**What you have to do**
Using the entries that follow, transcribe only the lines from the line with "- Lo que obtienes: banco" to the line with "the image below).", both included, exactly as they stand and without pictures.

**Exercise data**
%%

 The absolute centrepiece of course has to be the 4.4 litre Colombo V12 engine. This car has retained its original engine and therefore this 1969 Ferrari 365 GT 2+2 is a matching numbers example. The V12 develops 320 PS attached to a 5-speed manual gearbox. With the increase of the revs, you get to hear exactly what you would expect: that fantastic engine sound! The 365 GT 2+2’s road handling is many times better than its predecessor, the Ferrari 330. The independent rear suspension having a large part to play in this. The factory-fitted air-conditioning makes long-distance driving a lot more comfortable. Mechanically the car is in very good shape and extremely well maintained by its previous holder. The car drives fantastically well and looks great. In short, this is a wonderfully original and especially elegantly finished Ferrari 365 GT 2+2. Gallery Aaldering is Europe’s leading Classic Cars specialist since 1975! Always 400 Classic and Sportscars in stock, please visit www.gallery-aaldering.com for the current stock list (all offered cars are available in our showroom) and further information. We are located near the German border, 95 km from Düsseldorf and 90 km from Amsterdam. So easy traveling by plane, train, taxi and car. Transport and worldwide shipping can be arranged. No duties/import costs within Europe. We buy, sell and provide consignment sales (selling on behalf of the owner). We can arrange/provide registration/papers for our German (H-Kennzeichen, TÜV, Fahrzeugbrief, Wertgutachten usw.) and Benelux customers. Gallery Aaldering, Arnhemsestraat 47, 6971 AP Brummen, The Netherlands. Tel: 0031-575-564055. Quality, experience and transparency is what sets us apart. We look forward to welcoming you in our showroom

%%
%%

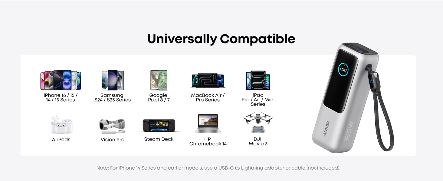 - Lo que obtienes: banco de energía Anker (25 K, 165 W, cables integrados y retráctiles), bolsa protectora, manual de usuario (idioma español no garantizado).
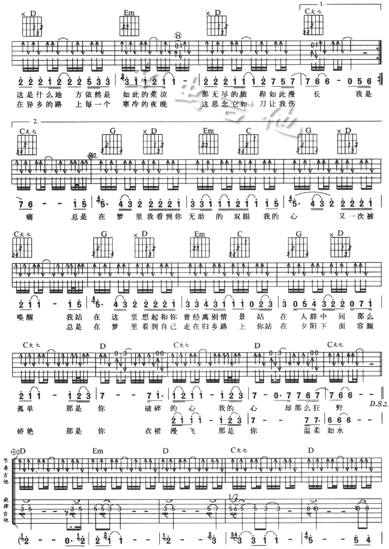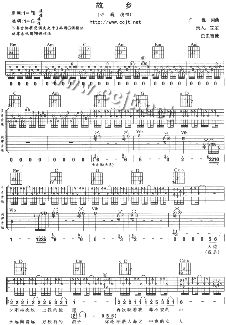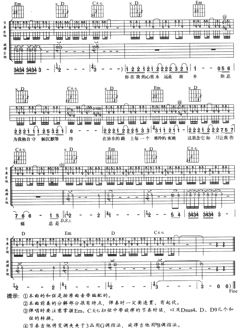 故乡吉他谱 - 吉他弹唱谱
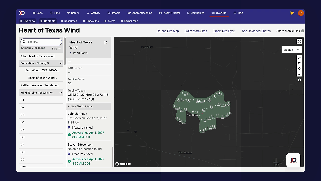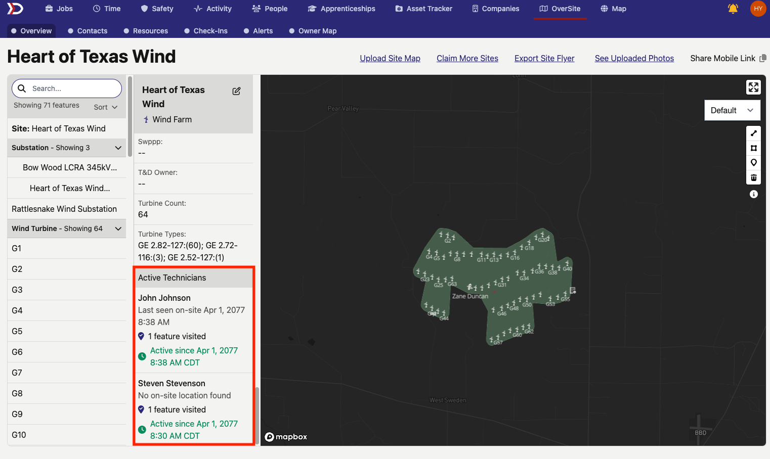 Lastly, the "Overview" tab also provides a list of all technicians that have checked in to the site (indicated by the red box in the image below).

%%

**Output of the task**
 - Lo que obtienes: banco de energía Anker (25 K, 165 W, cables integrados y retráctiles), bolsa protectora, manual de usuario (idioma español no garantizado).
 故乡吉他谱 - 吉他弹唱谱
 Lastly, the "Overview" tab also provides a list of all technicians that have checked in to the site (indicated by the red box in the image below).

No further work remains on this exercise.